SM3, like SM2, boils down to a) more efficient at some operations and b) easier to program c) a subset of new algorithms become "feasible"

Nothing is strictly impossible. With multipass, even a DX7 card can compute any mathematical function that SM3.0 can do.

Zeross · Apr 26, 2004

Are You saying the F-buffer will/can be exposed in DX9.0c?

I don't know... exposed is a big word but I think that this is the technique that ATI will use internally to compile long shaders. But this is basically the same thing isn't it ? In fact I can't even imagine how F-Buffer would be exposed in an API, I see it as a transparent layer for the programer.

I usually like Tim Sweeney, but he has managed to confuse the 3d enthusiast community quite well when he decided to call offset bump mapping as virtual displacement. Most people only remember the "displacement" part and already I've seen people telling things like UE3 is pushing 300 million polygons...

It is not Sweeney's fault I've heard the same kind of non sense on Doom III. It comes from the PolyBump â„¢... oupps sorry it comes from the Detail Preserving Simplification technique.

Then there's offset bump mapping, which is an advanced form of bump mapping, and which Tim decided to call virtual displacement mapping.
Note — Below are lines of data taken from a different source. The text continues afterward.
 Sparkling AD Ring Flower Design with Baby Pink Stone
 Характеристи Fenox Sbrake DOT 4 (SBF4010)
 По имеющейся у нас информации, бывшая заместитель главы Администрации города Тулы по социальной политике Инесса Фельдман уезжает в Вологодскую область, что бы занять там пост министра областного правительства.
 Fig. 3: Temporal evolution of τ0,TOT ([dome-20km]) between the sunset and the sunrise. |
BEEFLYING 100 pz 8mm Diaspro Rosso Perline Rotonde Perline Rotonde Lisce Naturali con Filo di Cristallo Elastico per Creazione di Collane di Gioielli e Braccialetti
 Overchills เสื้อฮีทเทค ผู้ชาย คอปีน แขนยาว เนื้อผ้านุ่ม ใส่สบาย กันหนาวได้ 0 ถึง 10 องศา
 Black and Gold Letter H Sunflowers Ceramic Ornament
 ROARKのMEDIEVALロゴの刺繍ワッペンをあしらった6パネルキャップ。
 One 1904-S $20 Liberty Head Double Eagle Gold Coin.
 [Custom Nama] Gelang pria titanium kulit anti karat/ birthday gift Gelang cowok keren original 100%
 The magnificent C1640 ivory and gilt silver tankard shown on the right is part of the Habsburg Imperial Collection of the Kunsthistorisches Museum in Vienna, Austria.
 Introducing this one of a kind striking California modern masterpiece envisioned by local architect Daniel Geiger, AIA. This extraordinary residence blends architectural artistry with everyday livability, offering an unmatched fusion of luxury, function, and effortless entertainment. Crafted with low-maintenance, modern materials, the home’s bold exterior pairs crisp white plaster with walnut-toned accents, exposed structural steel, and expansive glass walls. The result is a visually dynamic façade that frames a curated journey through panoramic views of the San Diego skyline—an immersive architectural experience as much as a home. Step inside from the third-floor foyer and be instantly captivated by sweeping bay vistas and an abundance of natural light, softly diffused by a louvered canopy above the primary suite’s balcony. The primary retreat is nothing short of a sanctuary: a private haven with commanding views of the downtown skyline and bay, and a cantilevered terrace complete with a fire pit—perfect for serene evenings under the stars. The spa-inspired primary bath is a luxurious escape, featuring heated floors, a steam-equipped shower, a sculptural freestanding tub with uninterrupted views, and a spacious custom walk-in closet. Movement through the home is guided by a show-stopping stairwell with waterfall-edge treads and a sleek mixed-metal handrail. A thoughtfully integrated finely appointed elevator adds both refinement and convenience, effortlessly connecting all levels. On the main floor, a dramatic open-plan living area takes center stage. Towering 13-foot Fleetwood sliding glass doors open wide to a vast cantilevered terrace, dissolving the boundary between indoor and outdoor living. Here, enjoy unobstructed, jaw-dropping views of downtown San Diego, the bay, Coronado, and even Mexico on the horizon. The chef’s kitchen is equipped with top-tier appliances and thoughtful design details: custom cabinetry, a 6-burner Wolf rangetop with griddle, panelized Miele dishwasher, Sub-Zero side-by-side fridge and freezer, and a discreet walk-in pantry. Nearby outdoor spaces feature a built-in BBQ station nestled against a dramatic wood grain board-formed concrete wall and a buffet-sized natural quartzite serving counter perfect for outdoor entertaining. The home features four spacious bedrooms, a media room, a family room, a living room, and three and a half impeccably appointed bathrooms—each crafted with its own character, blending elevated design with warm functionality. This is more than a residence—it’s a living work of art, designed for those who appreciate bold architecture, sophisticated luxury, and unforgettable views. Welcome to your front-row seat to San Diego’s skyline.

It basically needs a height map and a normal map, and a few extra isntructions, so it's not much beyond standard bump mapping.

Offset bump mapping, parallax mapping (official name AFAIK), virtual DM : three names for the same technique. You can't blame Sweeney, it seems that everyone has his own nickname to call it

Laa-Yosh · Apr 26, 2004

Zeross said:
It is not Sweeney's fault I've heard the same kind of non sense on Doom III. It comes from the PolyBump ?... oupps sorry it comes from the Detail Preserving Simplification technique.

I'm quite sure that there was no mention of displacement mapping about Doom3... The only thing ID said was 'renderbump' which isn't technical enough either, though.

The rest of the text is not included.